PROBLEM DETAILS: Go to the line below that contains "Tapet Pădure întunecată". From there to the end of the records, reproduce each line exactly, except the pictures.

Saved entries:
····················

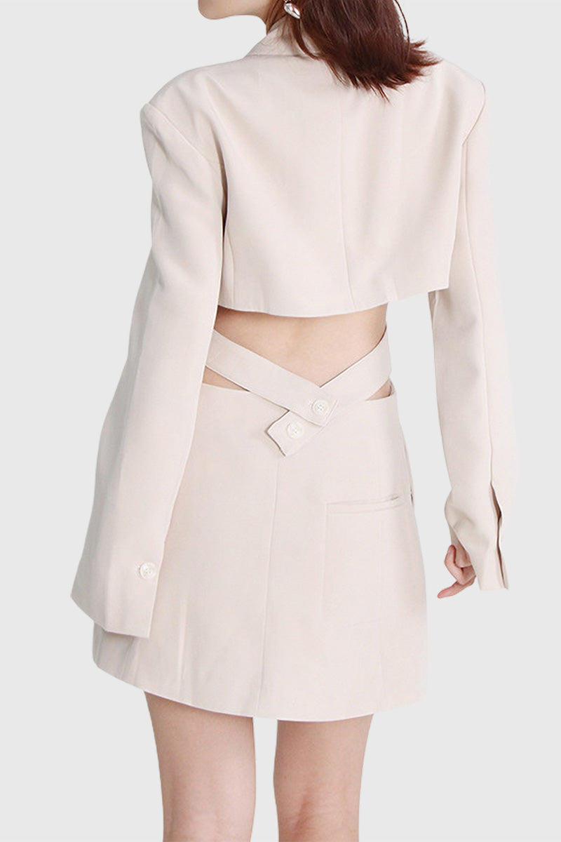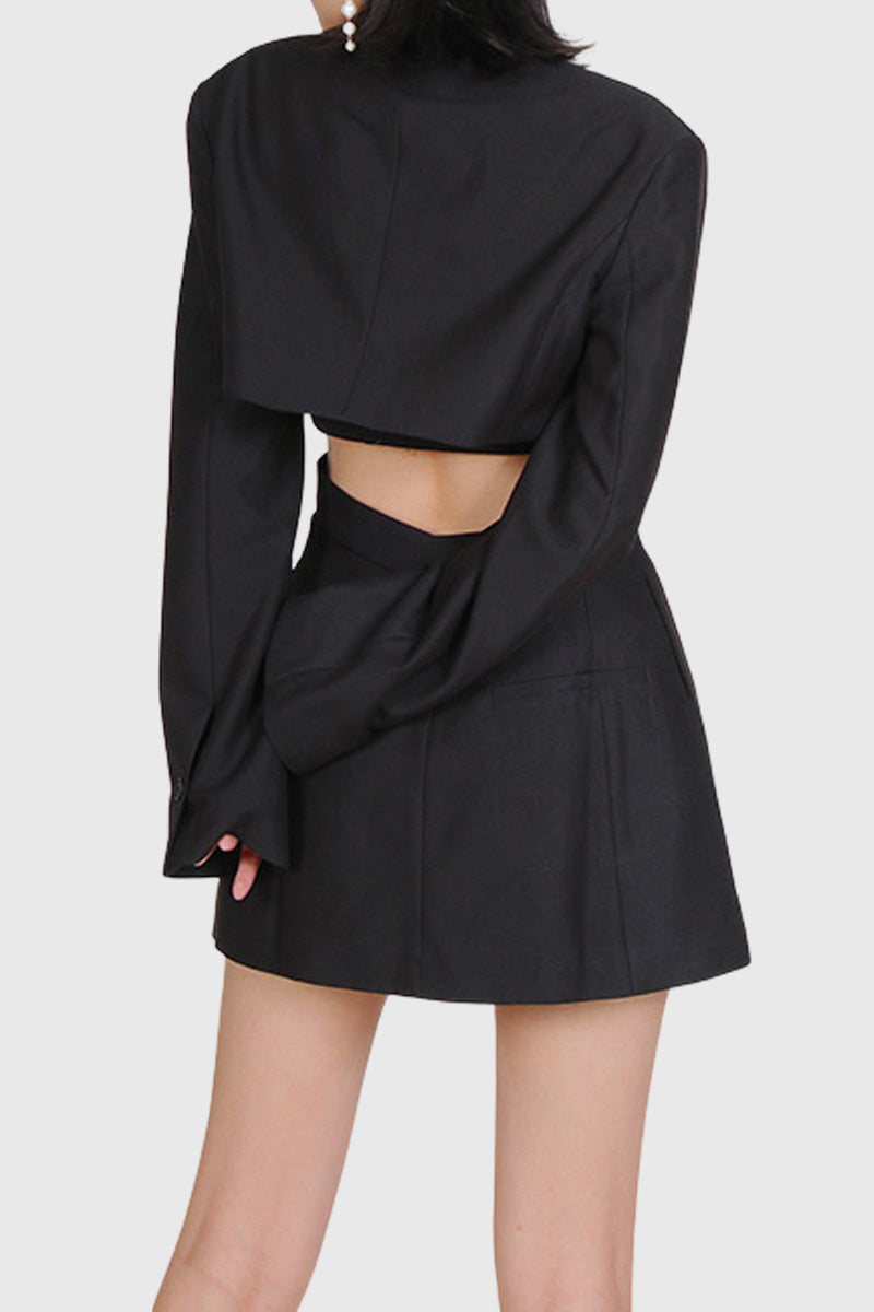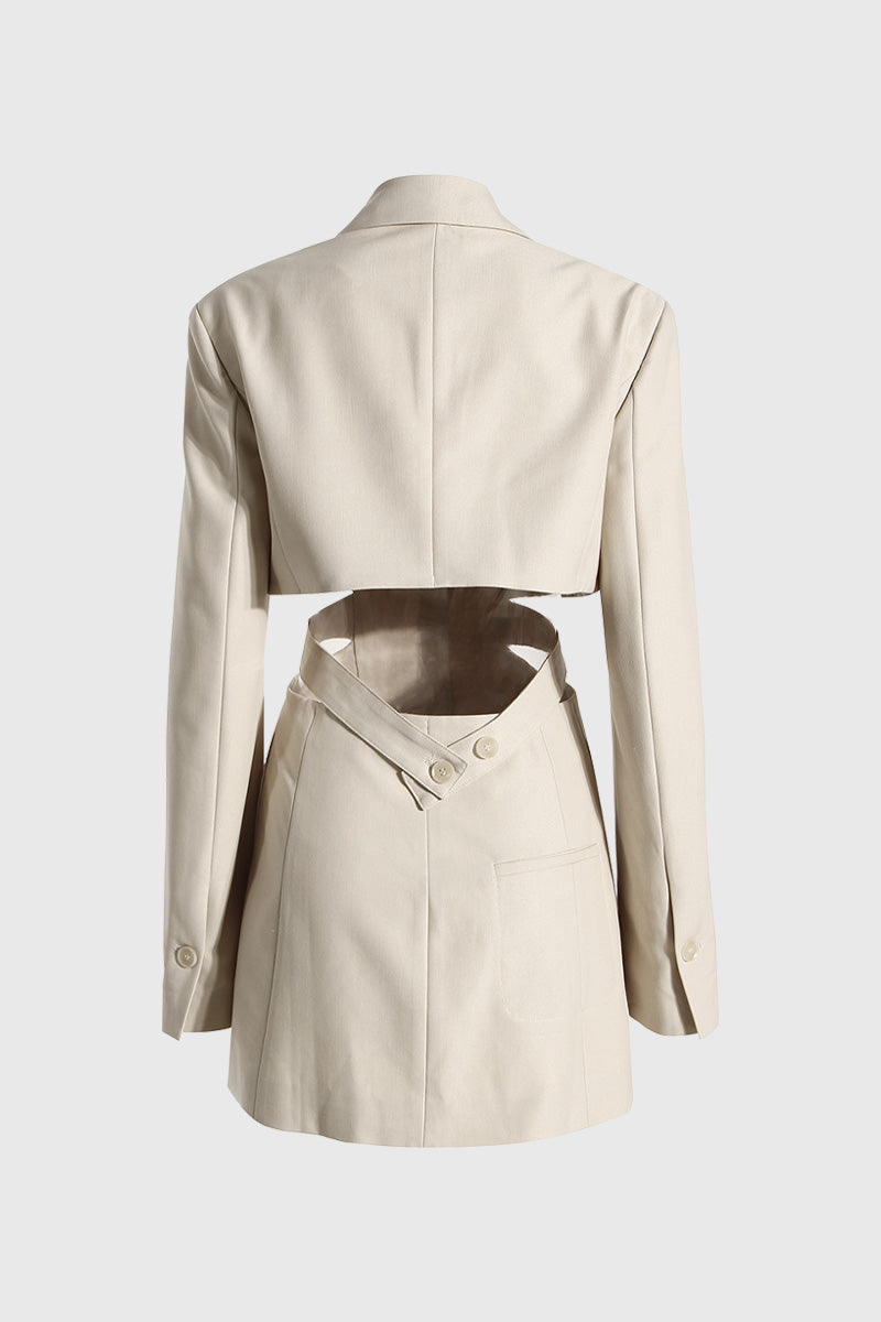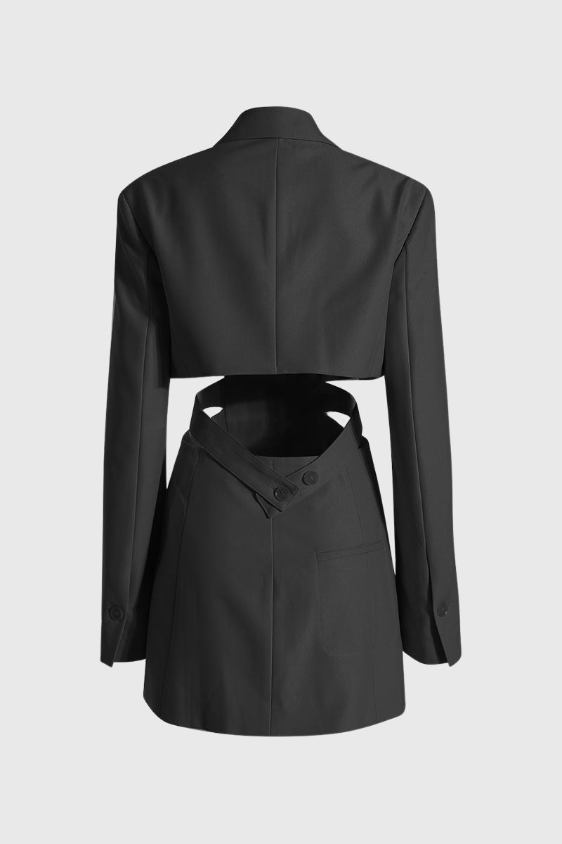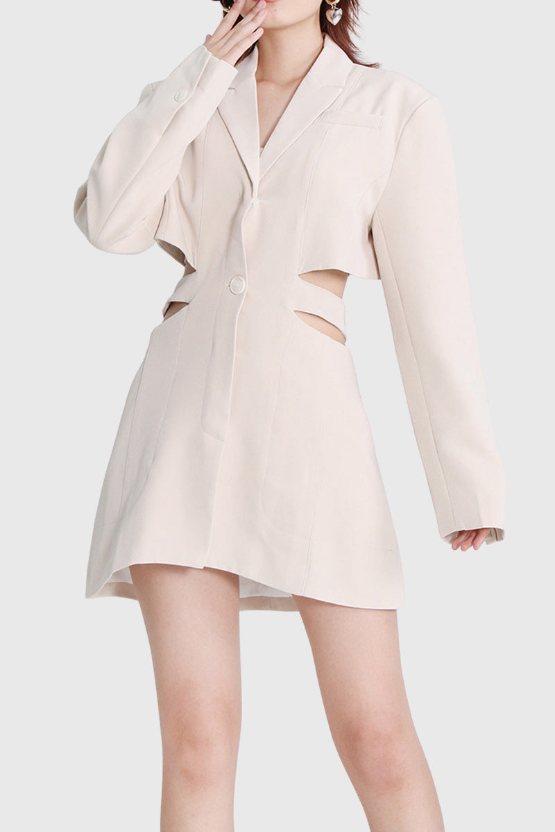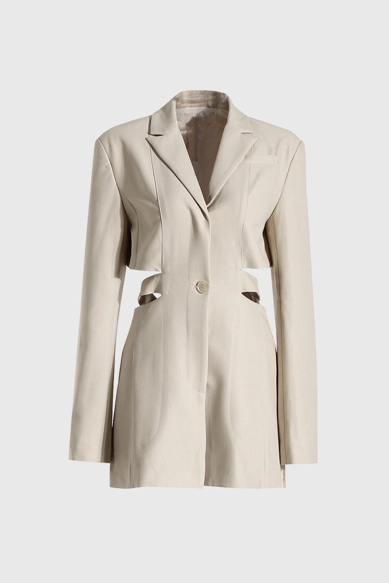 Deze blazerjurk is de perfecte mix van sophistication en sexiness, met zijn prachtig getailleerde pasvorm en gedurfde uitsnijdingen die precies de juiste hoeveelheid huid laten zien.
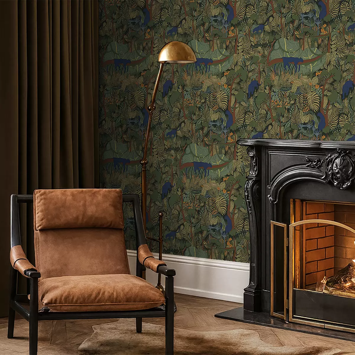 Tapet Pădure întunecată cu animale Nr. a01108v1
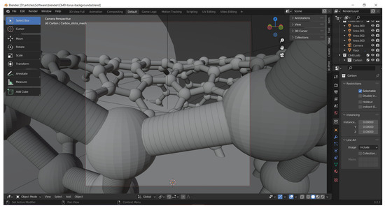 Various computational chemistry software can be used to produce the nanostructures and save the atoms’ coordinates in files of type pdb (Protein Date Base) or xyz (Cartesian coordinates). Such files can be imported into CAD codes as Blender [4] allows, together with the add-ons molblend [79] or atomic [80], the conversion of the nanostructures to a macroscopic object by size rescaling and automatic meshing of the edges of the fullerene- or tube-like objects (see Figure 14). Blender is a free program, oriented towards 3D design, rendering, meshing, sculpting and artistic modeling. It is able to perform some simulations and animations, considering various forces.
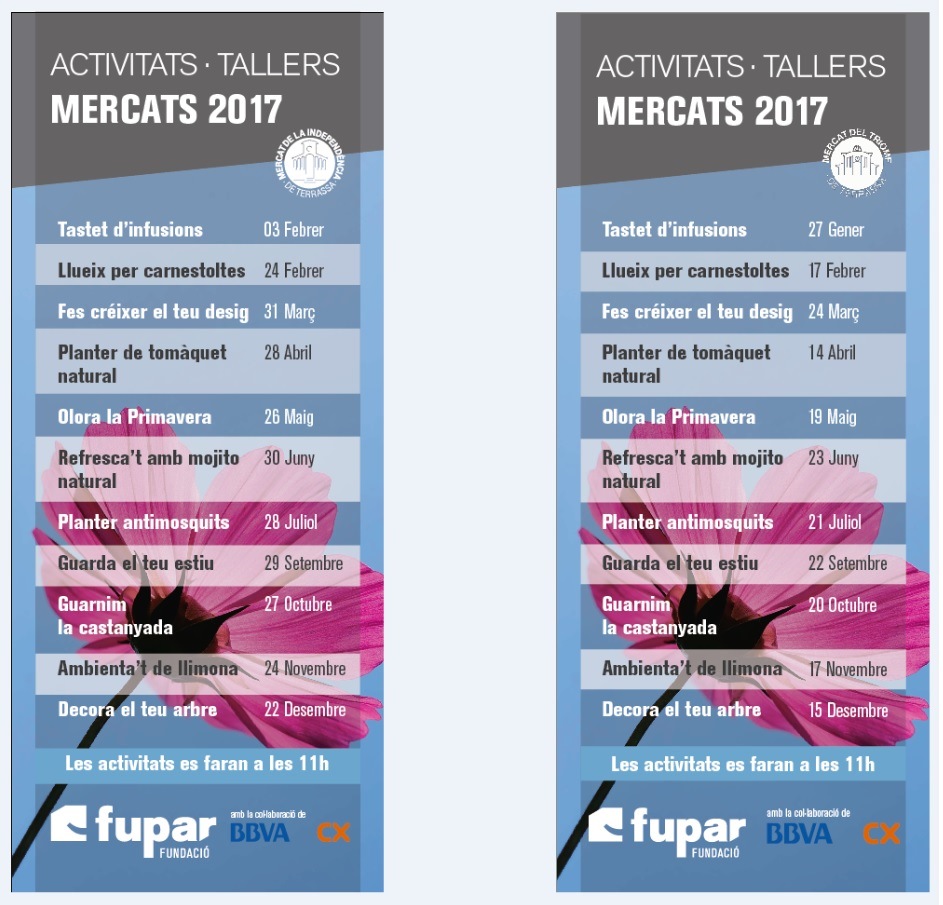 Tastet de infusions, es el nombre del primer taller del año, que se realizará el 27 de enero en el Mercado del Triunfo y el 3 de febrero en el Mercado de la Independencia. En este taller los chicos elaborarán de forma artesana diferentes tipo de infusiones que después darán a probar o bien invitarán al cliente a hacerse su propia infusión natural. Sin duda, un buen remedio para hacer frente la ola de frío polar de estos días!
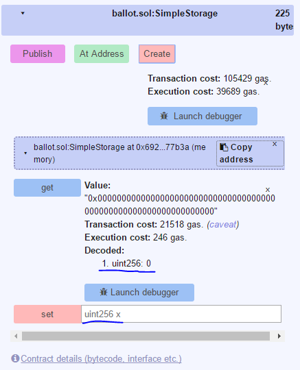 보시면 get 밑에는 uint256: 0이라는 말이, set 옆에는 빈 칸이 있는걸 볼 수 있습니다. 아까 이 컨트랙은 숫자 하나를 저장하는 기능을 한다고 말씀드렸죠. uint256: 0은 현재 저장된 값이 0이라는 뜻입니다. 이더리움은 초기값을 모두 0으로 설정하기 때문입니다.

····················

SOLUTION FOR THIS PROBLEM:
 Tapet Pădure întunecată cu animale Nr. a01108v1
 Various computational chemistry software can be used to produce the nanostructures and save the atoms’ coordinates in files of type pdb (Protein Date Base) or xyz (Cartesian coordinates). Such files can be imported into CAD codes as Blender [4] allows, together with the add-ons molblend [79] or atomic [80], the conversion of the nanostructures to a macroscopic object by size rescaling and automatic meshing of the edges of the fullerene- or tube-like objects (see Figure 14). Blender is a free program, oriented towards 3D design, rendering, meshing, sculpting and artistic modeling. It is able to perform some simulations and animations, considering various forces.
 Tastet de infusions, es el nombre del primer taller del año, que se realizará el 27 de enero en el Mercado del Triunfo y el 3 de febrero en el Mercado de la Independencia. En este taller los chicos elaborarán de forma artesana diferentes tipo de infusiones que después darán a probar o bien invitarán al cliente a hacerse su propia infusión natural. Sin duda, un buen remedio para hacer frente la ola de frío polar de estos días!
 보시면 get 밑에는 uint256: 0이라는 말이, set 옆에는 빈 칸이 있는걸 볼 수 있습니다. 아까 이 컨트랙은 숫자 하나를 저장하는 기능을 한다고 말씀드렸죠. uint256: 0은 현재 저장된 값이 0이라는 뜻입니다. 이더리움은 초기값을 모두 0으로 설정하기 때문입니다.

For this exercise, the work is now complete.